Однако испытания сюжетом эта мысль не выдерживает. Постепенно становится ясно, что это не монологическое утверждение Толстого, это спор романа с его собственным зачином, это пример «чужого слова» в авторской речи – или, во всяком случае, такого слова, которое остраняется автором по ходу романа.
* * *Критика, остраняя писателя, продолжает его же работу остранения, перенося ее уже на саму словесность. Произведение толкуется как причудливое, пристрастное, одностороннее, иногда – как воплощение безумия, одержимости. Маленького писателя такая трактовка убивает, а большого – воскрешает из инерции заученно-почтительного восприятия. Прежде чем этот прием стал известен как «остранение», его теоретик Виктор Шкловский назвал его «воскрешением» («Воскрешение слова»). Отсюда видно, что суть вовсе не в формализме, одним из зачинателей которого был Шкловский, а в глубоко содержательном назначении искусства: «воскрешение вещей – возвращение человеку переживания мира»87.
Так и я мог бы по праву назвать эту статью: «Воскрешение Льва Толстого». Воскресение возможно только после смерти и на ее основе. Сначала великий писатель живет – и работой своей живит, будит, возмущает читателей. Потом он начинает восприниматься как золотой фонд, канон – и в нем застывает, умирает.

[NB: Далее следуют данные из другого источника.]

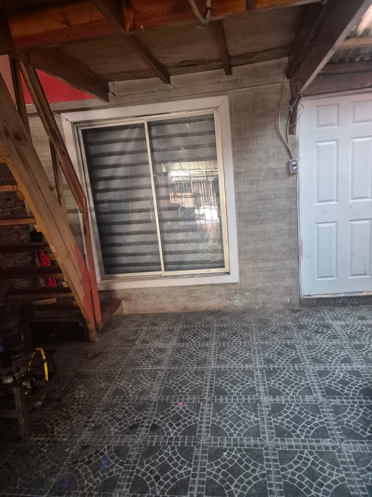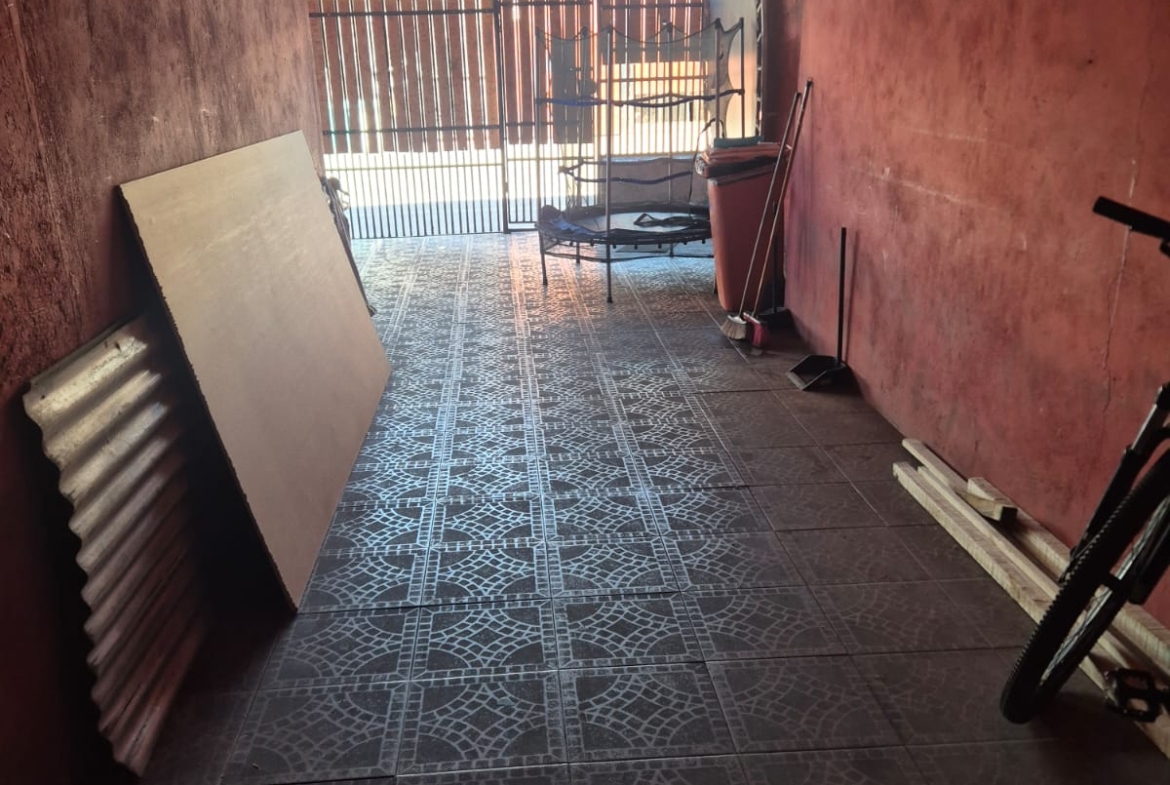 Patio con pasillo lateral techado, vigas a la vista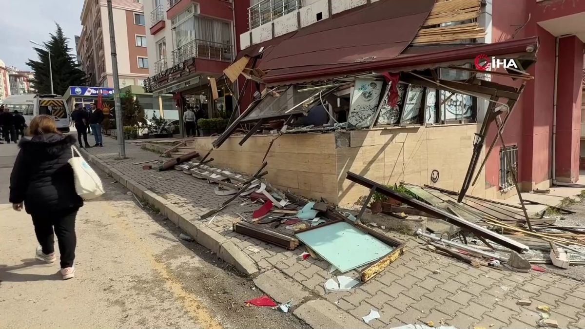 Tokat’ta rampada park halindeki bir minibüs kayarak bir iş yerine girdi.

И оживить его можно лишь свержением с пьедестала, обнаруживая порочность его методов, жестокость его заблуждений…
В письме критику Н.Н. Страхову Толстой отмечал: «Все как будто готово для того, чтобы писать – исполнять свою земную обязанность, а недостает толчка веры в себя, в важность дела, недостает энергии заблуждения, земной стихийной энергии, которую выдумать нельзя»88. Почему Толстой использует здесь в одобрительном смысле слово «заблуждение»? Оно сродни «остранению»: уклоняясь от истины или привычки, мы укрепляем в себе свежее, стихийное чувство жизни. Нужна энергия заблуждения, несправедливости, даже попрания истины, чтобы привлечь к ней взгляд, чтобы истина не приедалась, а потрясала. Писатель приносит себя в жертву читателю, пробуждает его мысль, его страстное несогласие – даже ценой своей неправоты. И дело критика – заново пробуждать эту энергию даже в безнадежно классических текстах.